Fanara E, Darnis E, Winer N, Kandel C, Laboisse C, Philippe H-J
Service de gynécologie-obstétrique et médecine foetale, hôpital Mère-Enfants, CHU de Nantes, 38, boulevard Jean-Monnet, 44093 Nantes cedex, France.
J Gynecol Obstet Biol Reprod (Paris). 2008 Sep;37(5):524-7. doi: 10.1016/j.jgyn.2008.02.006. Epub 2008 May 6.

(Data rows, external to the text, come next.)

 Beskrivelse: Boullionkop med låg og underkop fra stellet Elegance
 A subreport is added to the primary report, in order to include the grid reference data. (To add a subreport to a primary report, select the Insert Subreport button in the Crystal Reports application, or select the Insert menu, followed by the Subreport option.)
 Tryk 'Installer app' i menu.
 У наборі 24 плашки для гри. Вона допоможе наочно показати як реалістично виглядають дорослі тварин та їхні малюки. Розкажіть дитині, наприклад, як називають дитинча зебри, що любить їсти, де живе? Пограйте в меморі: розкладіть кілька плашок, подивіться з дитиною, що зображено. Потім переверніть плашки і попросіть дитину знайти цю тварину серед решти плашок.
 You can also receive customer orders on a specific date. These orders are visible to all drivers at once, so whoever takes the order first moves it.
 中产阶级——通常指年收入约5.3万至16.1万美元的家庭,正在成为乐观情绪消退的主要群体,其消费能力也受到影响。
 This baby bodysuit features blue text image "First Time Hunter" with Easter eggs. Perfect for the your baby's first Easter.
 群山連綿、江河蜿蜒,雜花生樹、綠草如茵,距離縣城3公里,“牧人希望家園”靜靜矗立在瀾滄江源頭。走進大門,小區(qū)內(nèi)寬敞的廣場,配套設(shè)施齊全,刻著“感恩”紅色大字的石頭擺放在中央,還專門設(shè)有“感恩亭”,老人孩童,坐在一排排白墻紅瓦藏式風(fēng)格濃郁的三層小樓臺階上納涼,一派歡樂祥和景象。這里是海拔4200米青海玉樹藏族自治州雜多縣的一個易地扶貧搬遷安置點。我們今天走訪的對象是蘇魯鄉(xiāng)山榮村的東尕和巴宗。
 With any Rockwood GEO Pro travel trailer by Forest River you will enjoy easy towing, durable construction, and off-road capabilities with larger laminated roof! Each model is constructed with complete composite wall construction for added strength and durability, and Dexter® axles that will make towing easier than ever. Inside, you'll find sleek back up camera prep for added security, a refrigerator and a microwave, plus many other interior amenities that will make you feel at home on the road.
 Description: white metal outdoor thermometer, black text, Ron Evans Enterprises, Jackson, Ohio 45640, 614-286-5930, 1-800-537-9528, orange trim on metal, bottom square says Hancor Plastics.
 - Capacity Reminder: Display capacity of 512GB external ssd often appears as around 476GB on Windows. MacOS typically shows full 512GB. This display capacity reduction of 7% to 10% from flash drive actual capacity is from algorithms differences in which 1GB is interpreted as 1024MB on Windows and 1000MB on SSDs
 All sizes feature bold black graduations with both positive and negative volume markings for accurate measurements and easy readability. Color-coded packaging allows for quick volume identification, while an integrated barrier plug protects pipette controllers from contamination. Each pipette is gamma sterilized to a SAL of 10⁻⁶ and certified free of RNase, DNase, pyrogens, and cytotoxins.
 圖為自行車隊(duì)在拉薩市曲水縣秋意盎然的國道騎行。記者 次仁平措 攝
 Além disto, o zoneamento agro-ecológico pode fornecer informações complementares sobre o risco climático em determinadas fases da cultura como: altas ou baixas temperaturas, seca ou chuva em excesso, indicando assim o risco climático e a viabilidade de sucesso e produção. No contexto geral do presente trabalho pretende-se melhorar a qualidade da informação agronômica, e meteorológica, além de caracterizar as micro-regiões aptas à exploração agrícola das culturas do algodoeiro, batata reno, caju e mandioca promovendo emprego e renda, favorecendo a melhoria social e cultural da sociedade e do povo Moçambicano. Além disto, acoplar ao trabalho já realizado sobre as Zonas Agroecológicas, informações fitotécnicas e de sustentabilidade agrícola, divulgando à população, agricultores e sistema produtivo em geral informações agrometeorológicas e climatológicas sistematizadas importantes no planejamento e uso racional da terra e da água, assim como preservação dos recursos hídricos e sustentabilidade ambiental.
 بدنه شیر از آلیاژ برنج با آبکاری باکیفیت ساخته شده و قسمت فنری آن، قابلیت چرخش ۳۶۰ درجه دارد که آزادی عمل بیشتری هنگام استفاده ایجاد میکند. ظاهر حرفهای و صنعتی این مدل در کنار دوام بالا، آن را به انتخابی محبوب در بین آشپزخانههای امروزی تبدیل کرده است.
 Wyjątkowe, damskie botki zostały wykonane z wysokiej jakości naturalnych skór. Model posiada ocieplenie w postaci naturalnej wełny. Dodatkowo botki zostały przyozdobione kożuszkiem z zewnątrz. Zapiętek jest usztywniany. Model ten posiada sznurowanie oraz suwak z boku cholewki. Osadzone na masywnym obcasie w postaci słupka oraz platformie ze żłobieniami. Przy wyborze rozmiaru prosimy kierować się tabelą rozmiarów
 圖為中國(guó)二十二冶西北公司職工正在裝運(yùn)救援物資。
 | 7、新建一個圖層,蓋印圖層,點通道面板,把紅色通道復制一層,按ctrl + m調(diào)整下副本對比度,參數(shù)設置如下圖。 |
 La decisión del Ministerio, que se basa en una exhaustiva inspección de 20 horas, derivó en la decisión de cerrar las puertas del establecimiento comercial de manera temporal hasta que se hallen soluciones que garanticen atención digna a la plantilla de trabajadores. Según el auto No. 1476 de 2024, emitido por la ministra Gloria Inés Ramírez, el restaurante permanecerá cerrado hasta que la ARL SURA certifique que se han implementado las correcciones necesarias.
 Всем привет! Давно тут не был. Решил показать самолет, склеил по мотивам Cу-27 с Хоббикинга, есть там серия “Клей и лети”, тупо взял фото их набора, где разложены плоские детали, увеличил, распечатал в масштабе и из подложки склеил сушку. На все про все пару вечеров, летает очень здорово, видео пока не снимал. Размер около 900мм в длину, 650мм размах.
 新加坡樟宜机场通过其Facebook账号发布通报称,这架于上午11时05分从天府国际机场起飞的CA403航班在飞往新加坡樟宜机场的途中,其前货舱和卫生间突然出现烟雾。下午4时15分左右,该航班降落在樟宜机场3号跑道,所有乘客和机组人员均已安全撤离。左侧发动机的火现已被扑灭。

Virilization in pregnancy is rare and mostly due to luteoma or to hyper-reactio luteinalis. We present a rare case of a virilization borderline mucinous ovarian tumour on a gravida 1 patient. The tumour was responsible for a clinical hyperandrogenism and for an increased level of testosterone. This patient was treated by ovariectomy at 31 weeks of gestation. The surgery was completed one month after delivery. There was no fetal consequence and the clinical and biological signs of virilization totally disappeared after surgery.
妊娠期男性化较为罕见,主要由黄体瘤或黄素化囊肿过度反应引起。我们报告一例罕见的初孕妇患有男性化的交界性黏液性卵巢肿瘤。该肿瘤导致临床高雄激素血症及睾酮水平升高。此患者在妊娠31周时接受了卵巢切除术。手术在产后一个月完成。未对胎儿造成影响,术后男性化的临床及生物学体征完全消失。